Encouraging outcomes
As part of the SAMHSA grant project, Asian Counseling and Referral Service is evaluating WAPA’s effect on a number of client health indicators. Comparing baseline readings to those at clients’ second or most recent assessment, the agency has found that while 54 percent of clients had at-risk blood pressure readings at baseline, 47 percent had at-risk readings at reassessment.
The percentage of at-risk readings dropped from 53 percent to 45 percent for waist circumference, and from 50 percent to 45 percent for HDL cholesterol. While those types of numbers might not seem staggering, Han pointed out that many clients are seeing improvements in their readings even if these remain at risky levels. For example, 60 percent of clients have shown improvement in waist circumference, and 48 percent have shown improvement in HDL cholesterol.
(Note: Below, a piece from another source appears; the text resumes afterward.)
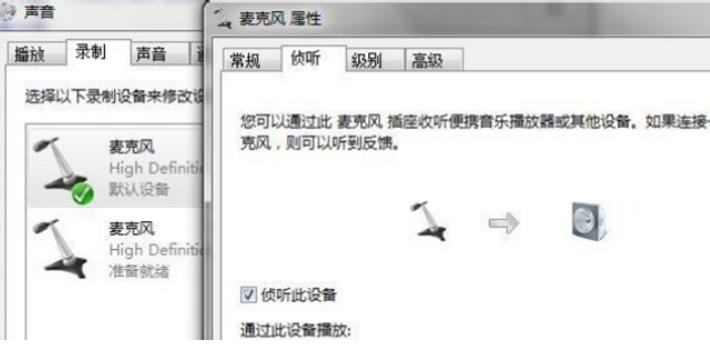 3.彈出的麥克風(fēng)屬性窗口,點(diǎn)擊“偵聽(tīng)”選項(xiàng)卡,勾選“偵聽(tīng)此設(shè)備”,就試試,一般情況下就已經(jīng)OK;如果還是沒(méi)有聽(tīng)到,切換一下“通過(guò)此設(shè)備播放”里的聲音輸出設(shè)備,就OK了。

Han added that every six months, the agency also asks clients about their perceptions of change in broader quality-of-life areas, from emotional well-being to housing and educational status. She said that in the most recent evaluation, 50 percent of clients reported an improvement in functioning, and 36 percent said they presently feel more socially connected.
Continuing the momentum
WAPA will reach a critical juncture this September, when the four-year SAMHSA funding cycle for the project ends. There remains some uncertainty about how the on-site primary care services might be structured after that point. While the local health center has stated it is committed to continuing in the partnership, it also will have to be able to justify its continued participation from a cost perspective.
Also, the potential effect of more Asian Counseling and Referral Service clients being insured as a result of the Affordable Care Act (ACA) has not been fully evaluated.
“We were giving the doctors more time with our clients than what they would usually receive at the health clinic,” Han said. “We may not be able to afford to continue that.”
But the organization believes that the wellness component of WAPA can be maintained with fewer challenges, now that the organization has been transformed into a wellness-focused operation. “By managing our own utilization, wellness will be sustained without much problem,” St. Clair said. “Wellness will become part of the overall treatment plan.”
She added, “We’ve begun thinking of ourselves as a whole health organization.”